Tarım Toprakları ve Deprem Üzerine…
Türkiye ardı ardına gelen iki büyük depremle sarsıldı. Önce 7,7 ardından 7,6 büyüklüğündeki depremler güneyimiz ve doğumuzdaki on ilde kırk binden fazla insanın yaşamına mal oldu. Yüz binin üzerinde de yaralı var. Binlerce ev yıkıldı, on binlercesi de kullanılamaz durumda.
Depremde yaşamını yitirenlere Allah’tan rahmet, yaralılara acil şifalar, yakınlarını yitirenlere sabırlar diliyorum. Türkiye dayanışma kültürü ile kısa sürede bu işin üstesinden gelecektir.
Türkiye’nin deprem kuşağında olduğu bilinirken üniversitelerde görev yapan çok değerli jeoloji, jeofizik, inşaat, deprem uzmanı öğretim üyeleri ile coğrafya hocalarının söyledikleri dikkate alınmıyor. Varsa yoksa kader. Kader sadece yoksullar için mi var?
Müjde; imar affı çıkardık…
Bir de yıllardır büyük müjdelerle çıkarılan imar afları bulunuyor ve bu aflar sağlam ya da çürük birçok ruhsatsız binanın yasal hale getirilmesi sonucunu doğuruyor. Bunlar arasında deprem faylarının üzerinde, jöle gibi toprağa sahip zeminlerde ve dere yataklarındaki evler ve apartmanlar da bulunuyor. Depremlerde ilk yıkılanlar ya da oturulamayacak derecede zarar görenler de bunlar oluyor.
Zeytinlikler; gözde rant alanları…
Bir de tarım toprakları inşaat sektörünün göz diktikleri alanlar olarak çok gözdeler. Özellikle zeytinlik alanlar ranta açılmak isteniyor ve bu konu sık sık kamuoyunun gündemine geliyor.
Zeytin alanlarını korumaya yönelik olarak kamuoyunda kısaca “zeytin yasası” olarak bilinen yasa sık sık meclise getirilen torba yasa teklifleriyle delinmek isteniyor. Ve her seferinde de Türk Mimar ve Mühendis Odaları Birliği (TMMOB) Ziraat Mühendisleri Odası (ZMO) tarafından bazen itirazlar bazen de mahkeme kararları ile bu alanların ranta açılması engelleniyor.

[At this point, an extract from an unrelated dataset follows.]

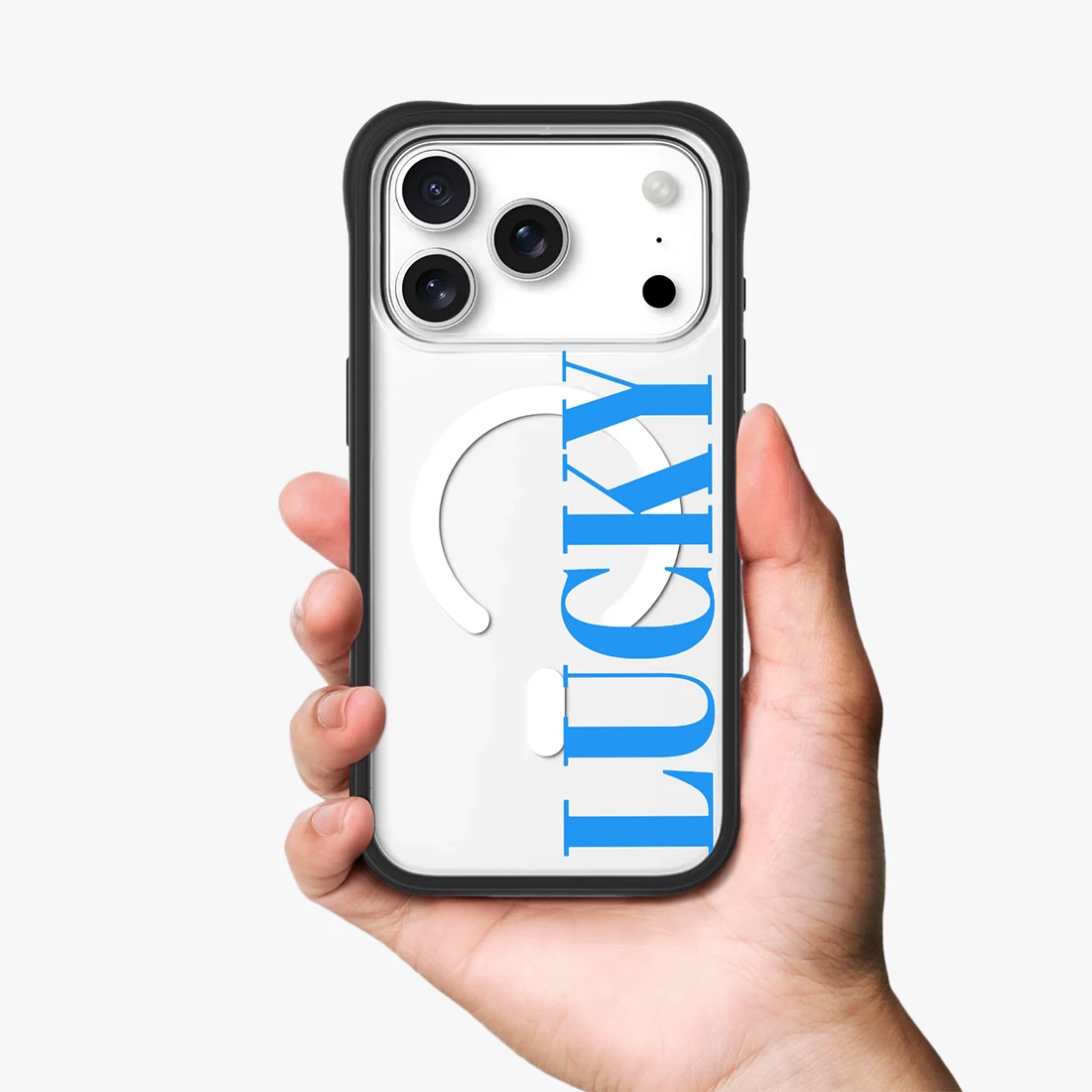 With minimalism as its core design language, this phone case features a high-transparency back panel paired with cool blue lettering, presenting a clean and crisp visual impact. The transparent texture allows the original beauty of the phone to be naturally revealed, while the eye-catching "LUCKY" lettering on the side injects a touch of personality and attitude into the overall design.

Zeytinlik alanlarının dışında Türkiye’nin dört bir yanında, tarım toprakları üzerine vahşice kurulmak istenen sanayi sitelerine, ev inşaatlarına, maden ve taşocaklarına, jeotermal santrallere karşı köylülerin-çevrecilerin mücadeleleri bulunuyor. Medya yürütmeyi durdurma kararları üzerine sevinen köylülerin haberleri ile dolu.

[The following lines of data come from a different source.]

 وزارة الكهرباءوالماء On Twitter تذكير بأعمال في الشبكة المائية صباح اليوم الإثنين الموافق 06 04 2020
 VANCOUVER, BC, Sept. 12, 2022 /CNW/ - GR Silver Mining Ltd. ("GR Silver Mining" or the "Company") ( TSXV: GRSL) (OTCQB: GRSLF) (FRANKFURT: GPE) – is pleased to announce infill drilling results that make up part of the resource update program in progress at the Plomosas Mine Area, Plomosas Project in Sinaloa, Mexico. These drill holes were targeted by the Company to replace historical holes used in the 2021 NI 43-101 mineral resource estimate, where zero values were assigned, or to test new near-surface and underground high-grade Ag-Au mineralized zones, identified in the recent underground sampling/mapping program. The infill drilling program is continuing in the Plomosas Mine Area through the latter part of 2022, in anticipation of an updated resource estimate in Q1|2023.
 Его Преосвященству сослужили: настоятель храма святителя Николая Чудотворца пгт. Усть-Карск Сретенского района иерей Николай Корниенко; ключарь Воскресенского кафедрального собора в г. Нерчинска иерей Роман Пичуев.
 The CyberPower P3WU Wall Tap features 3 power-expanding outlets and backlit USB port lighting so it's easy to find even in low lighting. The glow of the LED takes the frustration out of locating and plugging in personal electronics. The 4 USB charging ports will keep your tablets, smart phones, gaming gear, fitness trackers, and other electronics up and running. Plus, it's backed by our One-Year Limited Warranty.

Tarım toprakları ile depremlerin verdikleri zararlar arasında doğru bir ilişki bulunuyor. Tarım yapılan topraklar, özellikle ovalar, yumuşak zemine sahip oldukları için inşaata uygun değiller.
Neden tercih ediliyorlar? Bunlar hem yerleşim yerlerine yakınlar, hem de büyük alanlara sahipler. Bir de düz oldukları için hafriyat, yollara yakın oldukları için de taşıma masrafları az.

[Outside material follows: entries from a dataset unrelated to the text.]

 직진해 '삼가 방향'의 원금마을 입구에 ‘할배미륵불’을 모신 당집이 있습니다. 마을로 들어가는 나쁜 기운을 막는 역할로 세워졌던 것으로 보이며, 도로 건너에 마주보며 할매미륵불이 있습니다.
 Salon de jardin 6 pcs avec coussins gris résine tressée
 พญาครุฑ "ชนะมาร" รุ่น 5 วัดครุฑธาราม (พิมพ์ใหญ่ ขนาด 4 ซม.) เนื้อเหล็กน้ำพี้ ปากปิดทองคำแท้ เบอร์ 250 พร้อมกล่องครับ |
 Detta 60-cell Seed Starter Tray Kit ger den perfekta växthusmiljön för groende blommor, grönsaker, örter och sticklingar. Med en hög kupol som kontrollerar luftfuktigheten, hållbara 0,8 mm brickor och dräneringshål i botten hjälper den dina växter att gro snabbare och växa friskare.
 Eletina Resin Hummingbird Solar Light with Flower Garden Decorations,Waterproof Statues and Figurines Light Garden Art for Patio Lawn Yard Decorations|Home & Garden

Ancak deprem sonrasında ve normal yaşamda insanların gıdaya, suya gereksinimleri bulunuyor. Bu gereksinimler de bu alanlardan karşılanıyor. Gelecekte bu tür doğal yollardan ve iklim krizinden kaynaklanan felaketlerin daha da artacağı düşünüldüğünde, hükümetler bir tercihte bulunmak zorundalar.
Ya tarım topraklarını koruyarak insanları daha küçük ama daha sağlam evlerde yaşatacaklar ya da bunları ranta kurban ederek daha büyük, daha gösterişli evlerden ölülerin çıkmasına vesile olacaklar.